🤖 AI Summary
This work addresses the challenge of generating scientific workflow code in the absence of input/output test cases, which hinders optimization via execution feedback. To this end, the authors propose MOSAIC, a novel framework that achieves effective code generation without I/O supervision for the first time. MOSAIC leverages a training-free multi-agent collaboration strategy, integrating structured problem decomposition, domain-specific exemplar guidance, and teacher-student knowledge distillation. It further introduces an innovative Consolidated Context Window mechanism to maintain consistency across multi-step reasoning and mitigate hallucinations. Evaluated on the SciCode benchmark, MOSAIC substantially improves the accuracy, executability, and numerical precision of generated code, outperforming all existing methods across the board.
📝 Abstract
Existing multi-agent Large Language Model (LLM) frameworks for code generation typically use execution feedback and improve iteratively using Input/Output (I/O) test cases.
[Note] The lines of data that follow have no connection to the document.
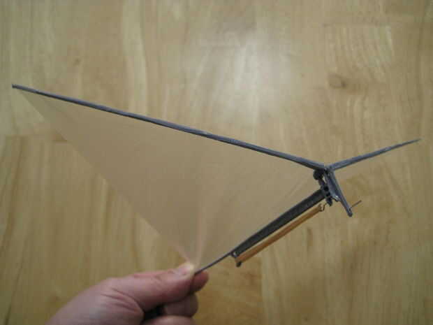 Doblar la cola hacia arriba ligeramente para un vuelo estable.
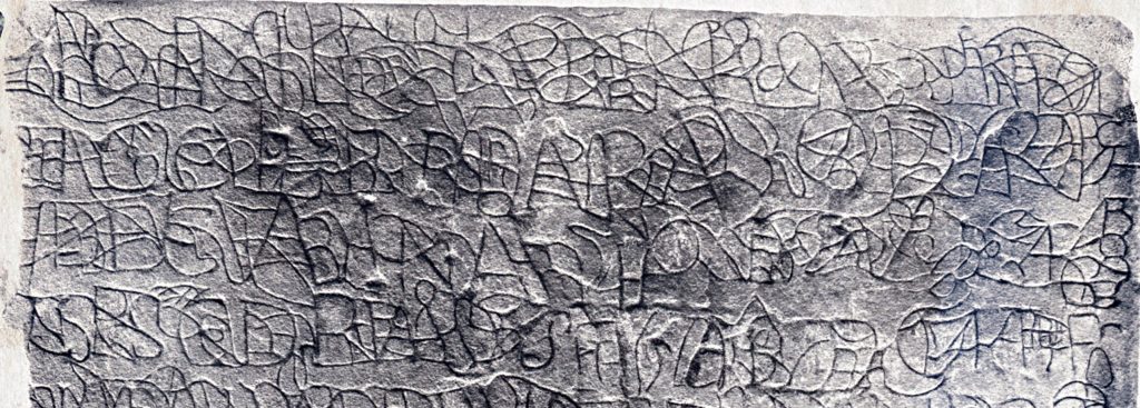 Hoe de letters van de bovenste drie regels geheel rechts op de steen zijn weergegeven getuigd van een eigen stijl, die slechts goed te vergelijken is met een moderne vorm van schrift uit de internationale volkscultuur, onze graffiti. Of je het mooi of lelijk vindt, kunstig of onbeschaafd, het valt niet te ontkennen dat A) het echte taal bevat en dus geen abstracte versiering is, B) de maker er aardigheid in heeft gehad op een originele, eigen wijze tekst weer te geven en C) dat er in enige mate sprake is van geheimschrift. Niet dat er grote geheimen achter hoeven schuilgaan. Maar wel dat ze niet per se bedoeld zijn onmiddellijk door iedereen begrepen te worden. Allen die het weten, kunnen het begrijpen, voor buitenstaanders is het niet evident. Jozef Janssen vermeldt in zijn boek Hiërogliefen (blz. 110) dat een stukje Egyptische geheimschrift na veel moeite zijn boodschap liet onthullen. Het las “schrifttekens heb ik gemaakt volgens mijn eigen idee en eigenhandig, zonder hen gevonden te hebben in de geschriften der voorvaderen”. Waarvan akte.
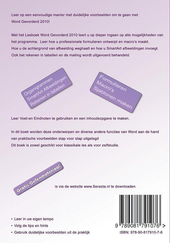 Met het Lesboek Word Gevorderd 2010 leert u op dieper ingaan op alle mogelijkheden van het programma. Leer hoe u professionele formulieren ontwerpt en macro's maakt. Hoe u de achtergrond van afbeelding weghaalt en hoe u SmartArt afbeeldingen invoegt. Ook het rekenen in tabellen en de mailing worden uitgevoerd behandeld.
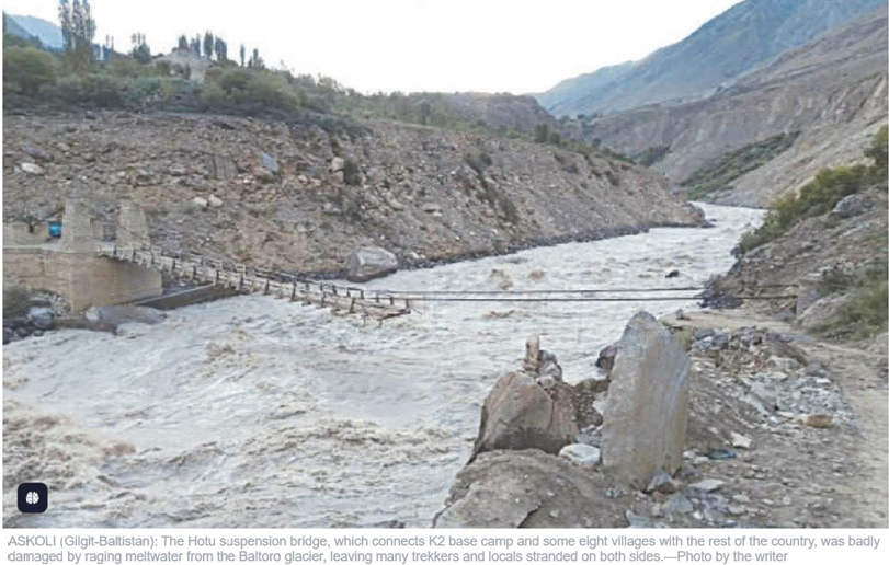Moreover, river erosion caused the collapse of the Hotu suspension bridge in Shigar, cutting off the only access to the K2 base camp. A large number of foreign expedition members and trekkers were stranded, while eight villages were also disconnected.
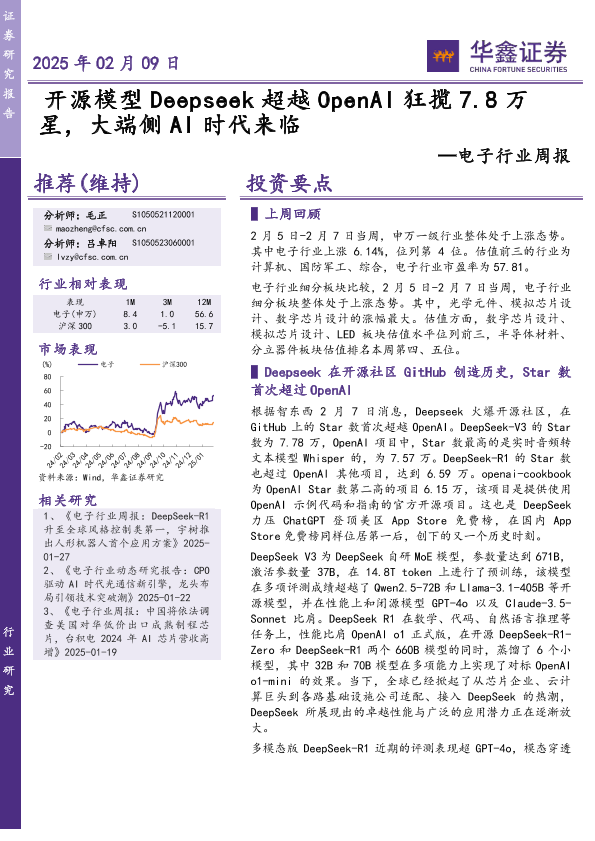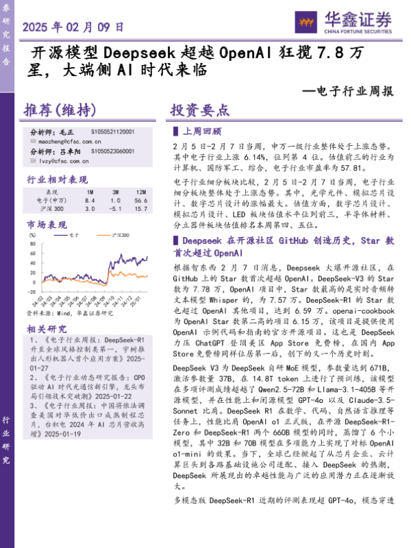 【华鑫证券】【20250209】电子行业周报:开源模型Deepseek超越OpenAI狂揽7.8万星,大端侧AI时代来临-39页

However, this does not work for scientific workflows, where I/O test cases do not exist, and generating them requires solving the very problem at hand. To address this, we introduce MOSAIC, a training-free multi-agent framework for scientific code generation without I/O supervision. Instead of execution feedback, MOSAIC employs a student-teacher knowledge distillation framework that grounds generation through domain-specific examples and structured problem decomposition. To further mitigate hallucinations across chained subproblems, we introduce a Consolidated Context Window (CCW) for maintaining consistent reasoning across agents. Experiments on the SciCode benchmark show that MOSAIC improves accuracy, executability, and numerical precision over existing approaches while relying on lightweight models.